Ollie also will be able to turn to freshman Terrence Samuel, an unselfish New York City product blessed with size and toughness, and versatile swingman Lasan Kromah, a George Washington transfer, for minutes on the perimeter.
Kentan Facey, an active 6-9 forward, will likely see major minutes and contribute on the boards. A long shot-blocking center, Amida Brimah plays with great energy but needs to add muscle to withstand physical pounding inside. Terrence Samuel is a strong guard with great court vision. Transfer Lasan Kromah, who averaged 11.0 points, 4.1 rebounds and 2.1 assists in three years at George Washington, has the tools to play several positions.
Factoid: 4. In UConn’s final four games last season, emerging star DeAndre Daniels played his best basketball, averaging 21.2 points, 9.0 rebounds and 3.3 blocks.
The talented and tough-minded Huskies have improved in several areas, especially depth, which will give Ollie more flexibility and create more competition for playing time.

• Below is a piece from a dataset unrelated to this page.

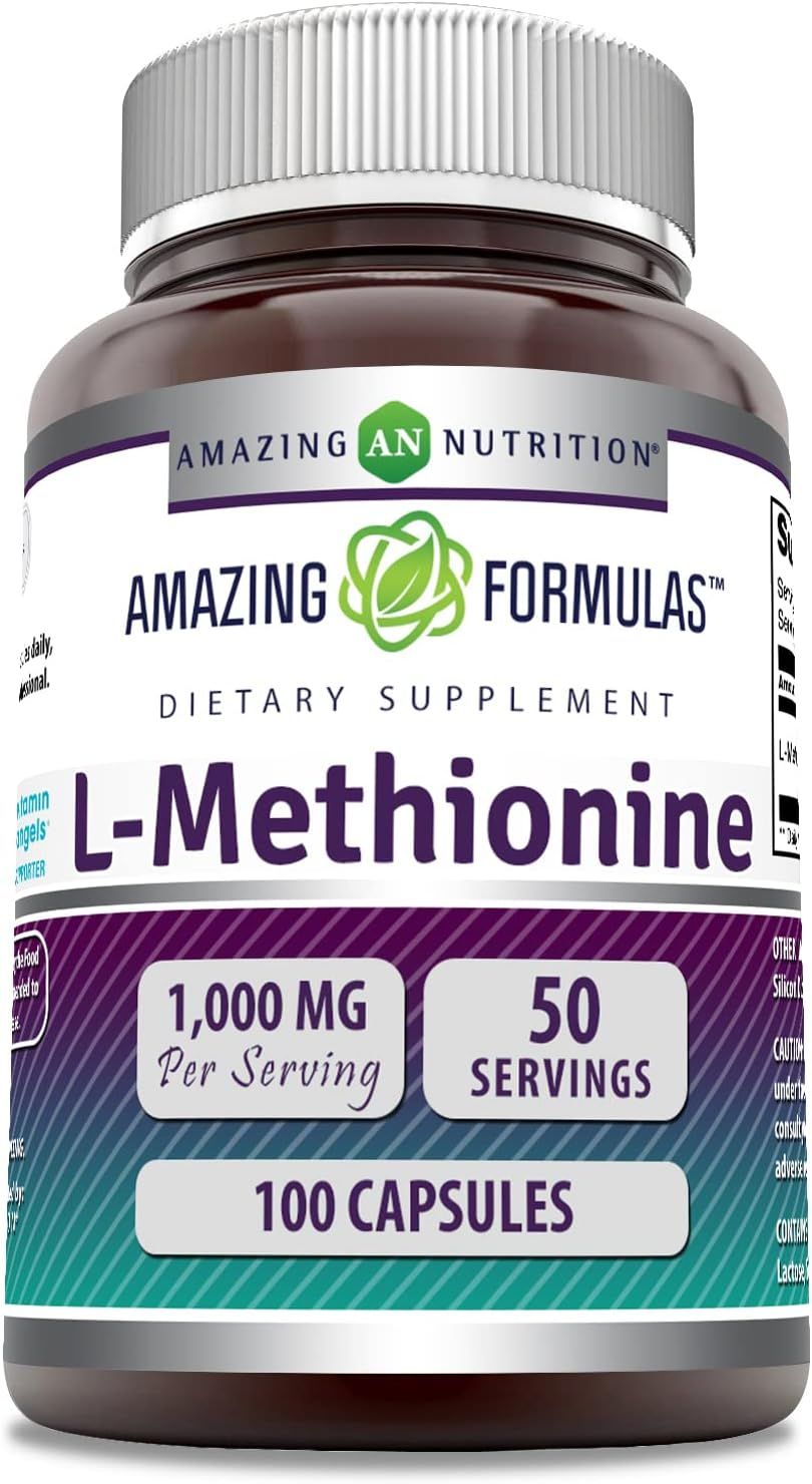 Amazing Formulas L-metionina 1000 mg 100 cápsulas Suplemento | Sin OMG | Sin gluten | Fabricado en Estados Unidos

With a lethal backcourt leading the charge, UConn should challenge for the American championship. Their final destination this season may depend in part on the development of their young frontcourt players.
The upbeat and demanding Ollie is pushing his Huskies to play with the same grit, heart and attitude as last season.
“Hopefully, we have that same mindset, especially with the talent that we have coming back,” Ollie says. “If everybody comes back with that level of unity, playing for one another, everything else will take care of itself — championships, whatever follows that. Everybody will be able to have the opportunity to shine individually. So I hope we have that same attitude. I’m pushing for that.”